10 June, 2026

Looking for the Missing Piece

From Aspirations for Mahamudra, commentary on verse 19

Ken: One day shortly after the three-year retreat ended, I went to Kalu Rinpoche for instruction in dzogchen. I had asked for the instruction because, frankly, I thought I might be missing something. Rinpoche picked up a piece of paper from a pile of pages in front of him and read a pointing-out instruction to me. “Sounds like mahamudra to me,” he said. He then picked up another piece of paper and read another instruction. “Hmmm, that sounds like mahamudra, too.” Another piece of paper elicited, “That sounds like dzogchen, no?” I was familiar with almost all the instructions from my studies during the three-year retreat, and began to say so. Rinpoche ignored me and continued to read, mahamudra, dzogchen, dzogchen, mahamudra, back and forth—for half an hour or more. Eventually he stopped, looked at me, and asked, “Do you understand?”

In his commentary on verse 19 of Aspirations for Mahamudra, Ken shares an anecdote that begins with a very familiar anxiety: “I might be missing something.” Shortly after completing the three-year retreat, he still wonders whether there is some crucial instruction, some hidden distinction, some deeper level that he has not yet received.
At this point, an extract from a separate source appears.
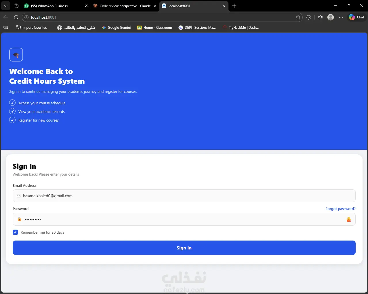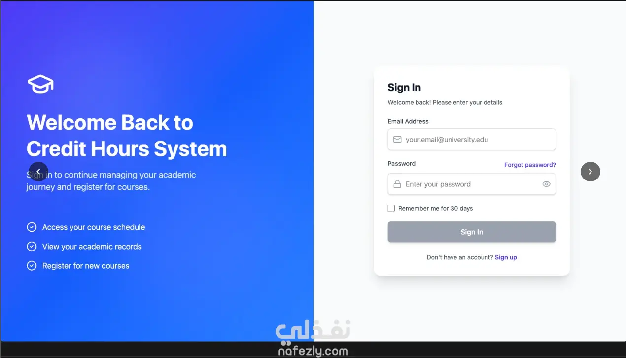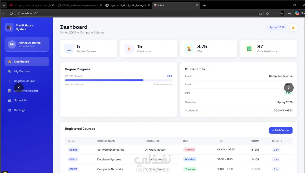 قمتُ بتصميم وتطوير منصة لتسجيل المقررات الدراسية تُمكّن الطلاب من إدارة جداولهم الأكاديمية بكفاءة ضمن نظام الساعات المعتمدة. يوفّر التطبيق آلية تحقق من المتطلبات السابقة (Prerequisites) من خلال نظام قفل، مما يضمن أن الطالب لا يمكنه التسجيل في أي مقرر قبل إتمام المقررات المطلوبة له.

I find myself relating to this very strongly. Over the years, again and again I've had the feeling that somewhere there might be instructions that would work like a Rosetta Stone, decoding or illuminating experiences that don’t sit comfortably within descriptions of effects and results of practice, and releasing deep reactive patterns that keep reemerging. I've explored more than one ultimately fruitless rabbit hole searching for such keys. Then, through pure serendipity, I encountered Ken's anecdote.

Kalu Rinpoche’s response is wonderfully indirect. He doesn’t answer Ken’s question. He doesn’t explain the relationship between mahamudra and dzogchen or offer a philosophical comparison. Instead, he keeps reading instruction after instruction, refusing to let Ken settle into categories. Mahamudra. Dzogchen. Dzogchen. Mahamudra. Back and forth until the distinctions begin to lose their solidity. It feels as though Rinpoche is responding to Ken’s search for certainty by wearing out the mind that wants to classify, compare, conclude, and know the answer.

This anecdote touched a very tender place. Ken wanted to be sure he hadn't missed anything. I recognised that impulse immediately. My version of it has been, “I want to find a teaching or a practice that provides the missing piece.”

Ken comments that he is familiar with the instructions Rinpoche is reading. His frustration is palpable; he can distinguish one set of instructions from another. But Kalu Rinpoche seems to be pointing to something else entirely. When Rinpoche finally asks, “Do you understand?” it feels like an invitation to stop looking elsewhere rather than a test of knowledge. The mind that is searching for the perfect map is the very thing obscuring the territory.

The story ends without telling us how Ken answered. Instead, Rinpoche’s question is left hanging in the air. Do we understand? Not the difference between mahamudra and dzogchen, but the nature of the doubt that keeps asking whether there is something else, somewhere else, that we still need to find or acquire.